# Project: Rusty Midget....



## johnbaz (Jan 30, 2005)

hello all

i always fancied an MGB GT until last summer when i saw two (early) mg midgets coming down our road with their tops down (oo-er missus!!)

i had to have a midget!!!

though the two immaculate ones that i saw were the early types with chrome bumpers and wire wheels in bright red, i was just happy to get any midget that would require a simple refurbishment...

this car was on fleabay with an opening bid orf Â£450, i 'won' it for the opening bid!.

the car was here in sheffield (about three or four miles away) so i arranged to view it, i was pleasantly surprised, in the cockpit, it was rock solid, under the bonnet, again rock solid as was the boot.

there is work generally on the bodywork (scabs and blemishes) but nothing too serious.

here's the car, a 1500cc triumph power plant with twin su carbs..
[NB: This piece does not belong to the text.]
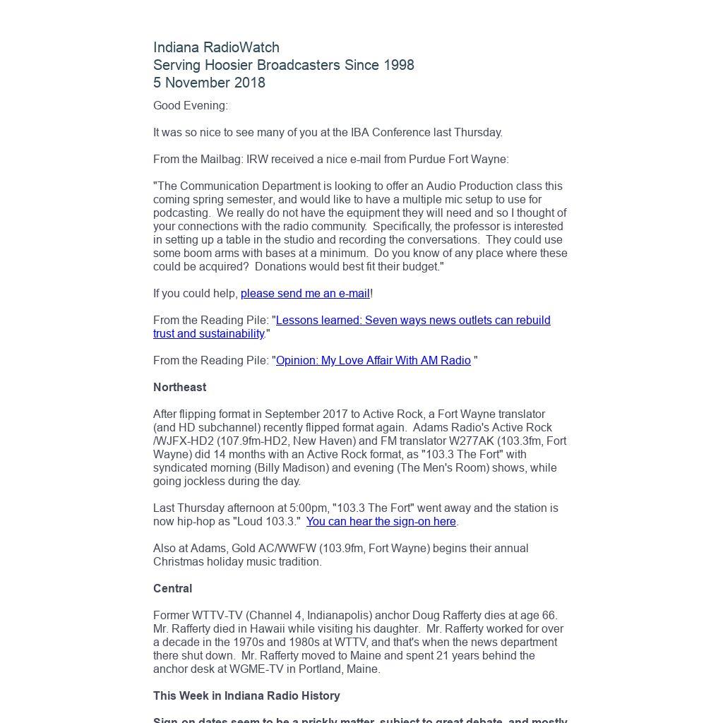Indiana RadioWatch subscriptions are free. To subscribe, send an e-mail to irw@well.com and we'll add you. After publication, we archive Indiana RadioWatch on the Indiana Radio Archive at http://www.indianaradio.net. Please e-mail us your news stories and employment opportunities.
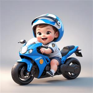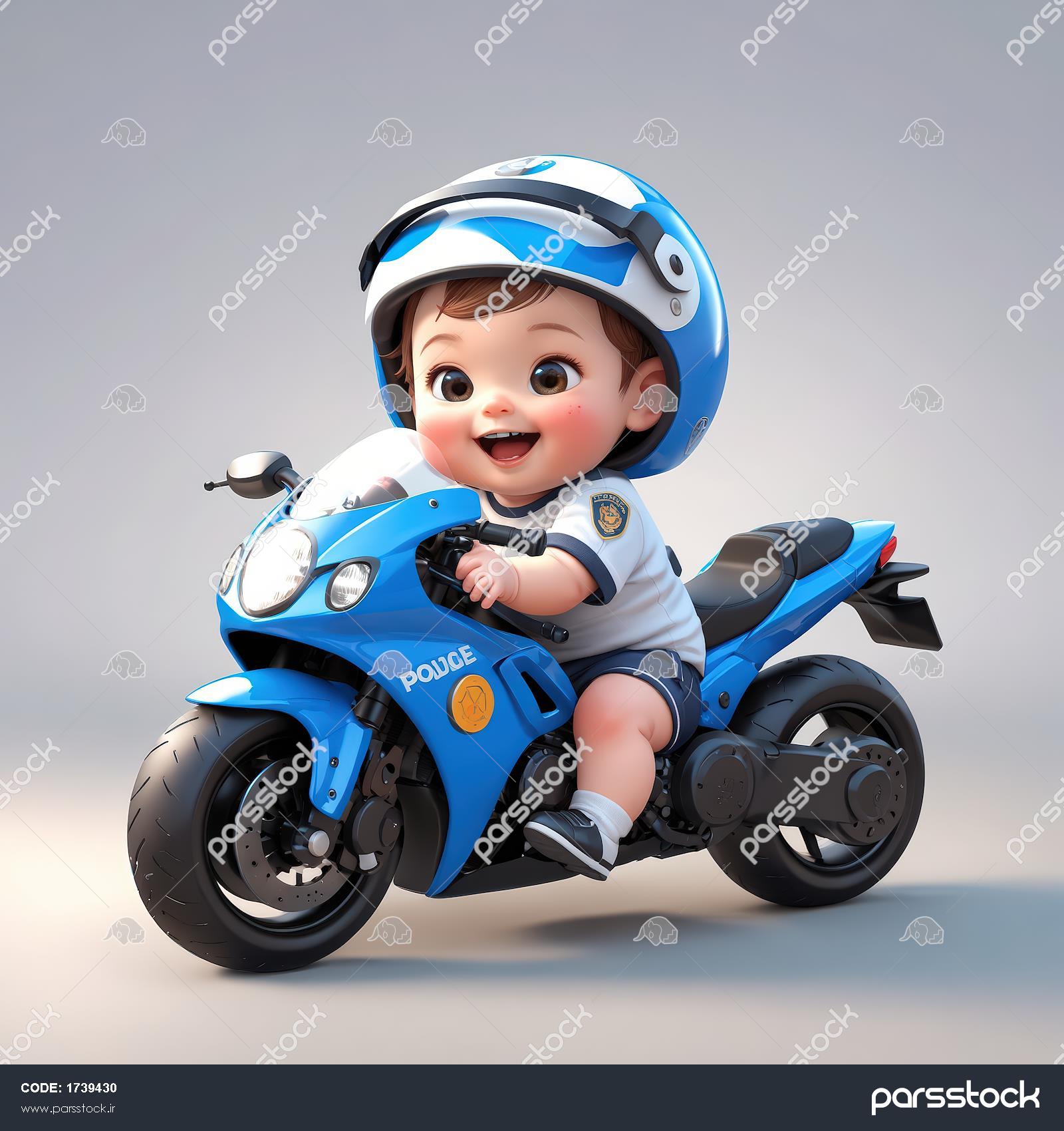 عروسک پسر شاد با کلاه ایمنی پلیس و سوار بر موتور سیکلت اسپرت آبی و سفید

i bid on and won (no one else bid again!) a nearside rear half wing from a company that specialises in mg parts (the MGB hive), i asked if they could add a boot floor to nearside wing panel to the order as the opriginal was shot, it cost an extra tenner 

here's the panel dry fitted..










the rot on the nearside wing...



















the rot cut away with an angle grinder (cutting discs fitted)it will need some steel welding to make up for the inner arch that had to be removed..










more later...

john


----------



## johnbaz (Jan 30, 2005)

more..

as it turned out, the rear quarter panel was to fit the chrome bumper models, as can be seen below the light cluster there is a bit extra which will be removed and a lip formed with the edge..



















i was really surprised at the condition of the valances when i removed the big ole lumps of rubber bumpers, they were in very good nick considering the state of the rear wing bottom...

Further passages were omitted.